Copy out every record below exactly as written, but leave out any pictures.

------------------------------------------------------------

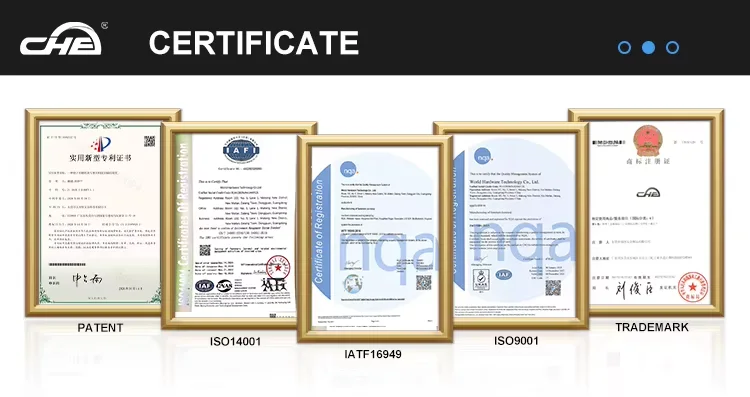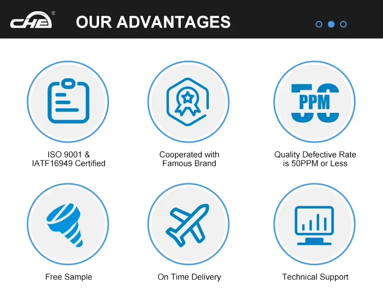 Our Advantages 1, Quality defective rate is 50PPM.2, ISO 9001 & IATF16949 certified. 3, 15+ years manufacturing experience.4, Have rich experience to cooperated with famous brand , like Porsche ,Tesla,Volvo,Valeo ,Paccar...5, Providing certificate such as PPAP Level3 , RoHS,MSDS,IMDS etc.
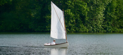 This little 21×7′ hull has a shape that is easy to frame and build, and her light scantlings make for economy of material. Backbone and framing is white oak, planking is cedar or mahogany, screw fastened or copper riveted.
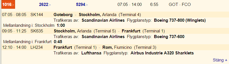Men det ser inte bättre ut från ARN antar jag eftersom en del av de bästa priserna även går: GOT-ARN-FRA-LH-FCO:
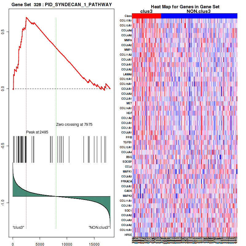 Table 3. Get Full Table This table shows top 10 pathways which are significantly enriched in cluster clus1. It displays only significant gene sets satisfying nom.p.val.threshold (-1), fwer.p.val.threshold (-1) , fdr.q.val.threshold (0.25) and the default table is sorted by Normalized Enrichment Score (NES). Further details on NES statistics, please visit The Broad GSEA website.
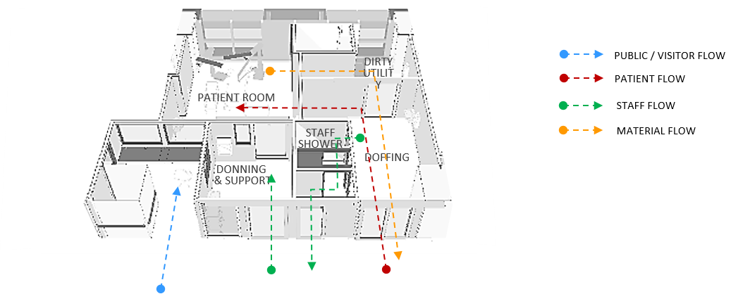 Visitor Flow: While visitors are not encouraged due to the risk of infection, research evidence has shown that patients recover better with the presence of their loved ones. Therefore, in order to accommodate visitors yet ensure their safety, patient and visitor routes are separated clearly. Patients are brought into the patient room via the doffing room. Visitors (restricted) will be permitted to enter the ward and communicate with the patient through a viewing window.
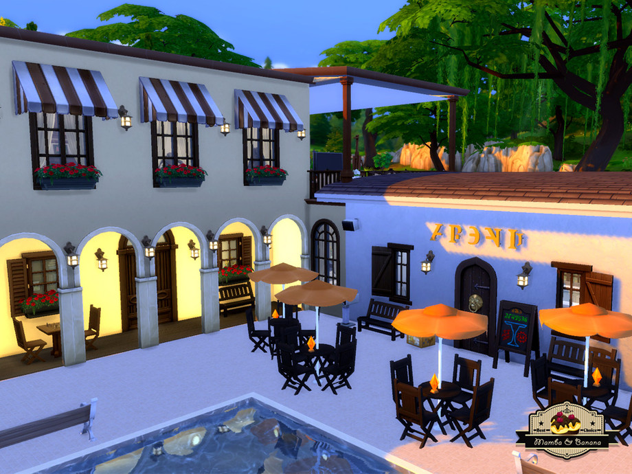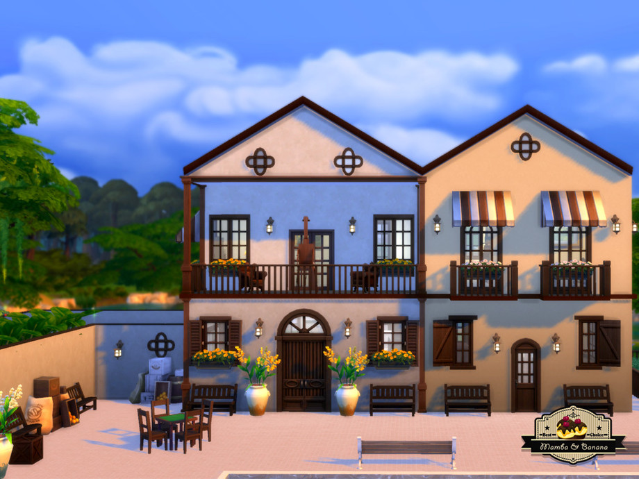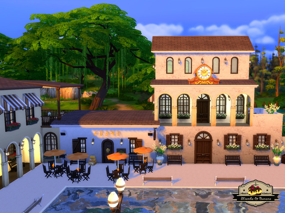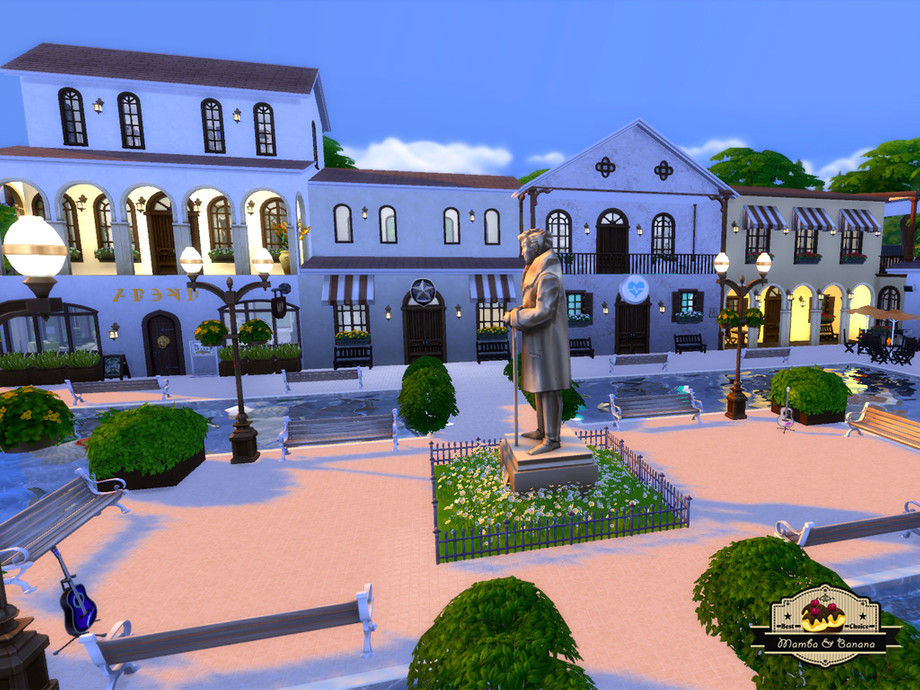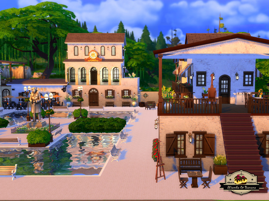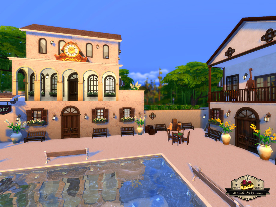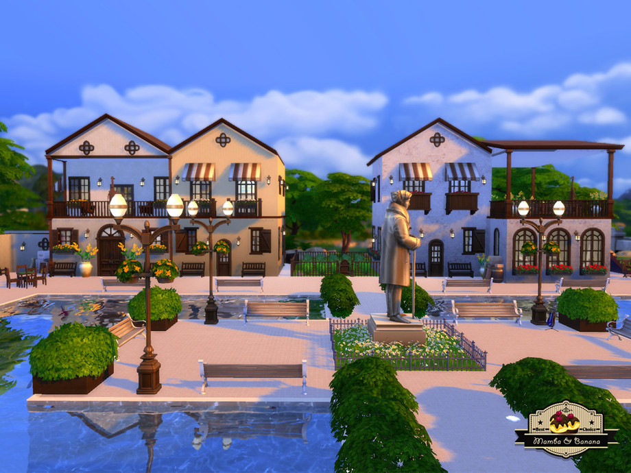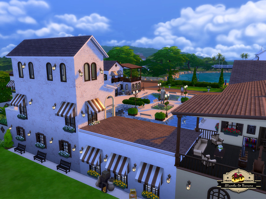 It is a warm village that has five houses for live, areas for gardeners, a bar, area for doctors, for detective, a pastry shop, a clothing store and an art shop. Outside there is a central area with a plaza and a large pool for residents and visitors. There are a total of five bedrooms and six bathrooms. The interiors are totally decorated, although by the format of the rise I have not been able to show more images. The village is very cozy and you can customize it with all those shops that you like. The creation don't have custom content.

------------------------------------------------------------

▶ Your solution:
 Our Advantages 1, Quality defective rate is 50PPM.2, ISO 9001 & IATF16949 certified. 3, 15+ years manufacturing experience.4, Have rich experience to cooperated with famous brand , like Porsche ,Tesla,Volvo,Valeo ,Paccar...5, Providing certificate such as PPAP Level3 , RoHS,MSDS,IMDS etc.
 This little 21×7′ hull has a shape that is easy to frame and build, and her light scantlings make for economy of material. Backbone and framing is white oak, planking is cedar or mahogany, screw fastened or copper riveted.
Men det ser inte bättre ut från ARN antar jag eftersom en del av de bästa priserna även går: GOT-ARN-FRA-LH-FCO:
 Table 3. Get Full Table This table shows top 10 pathways which are significantly enriched in cluster clus1. It displays only significant gene sets satisfying nom.p.val.threshold (-1), fwer.p.val.threshold (-1) , fdr.q.val.threshold (0.25) and the default table is sorted by Normalized Enrichment Score (NES). Further details on NES statistics, please visit The Broad GSEA website.
 Visitor Flow: While visitors are not encouraged due to the risk of infection, research evidence has shown that patients recover better with the presence of their loved ones. Therefore, in order to accommodate visitors yet ensure their safety, patient and visitor routes are separated clearly. Patients are brought into the patient room via the doffing room. Visitors (restricted) will be permitted to enter the ward and communicate with the patient through a viewing window.
 It is a warm village that has five houses for live, areas for gardeners, a bar, area for doctors, for detective, a pastry shop, a clothing store and an art shop. Outside there is a central area with a plaza and a large pool for residents and visitors. There are a total of five bedrooms and six bathrooms. The interiors are totally decorated, although by the format of the rise I have not been able to show more images. The village is very cozy and you can customize it with all those shops that you like. The creation don't have custom content.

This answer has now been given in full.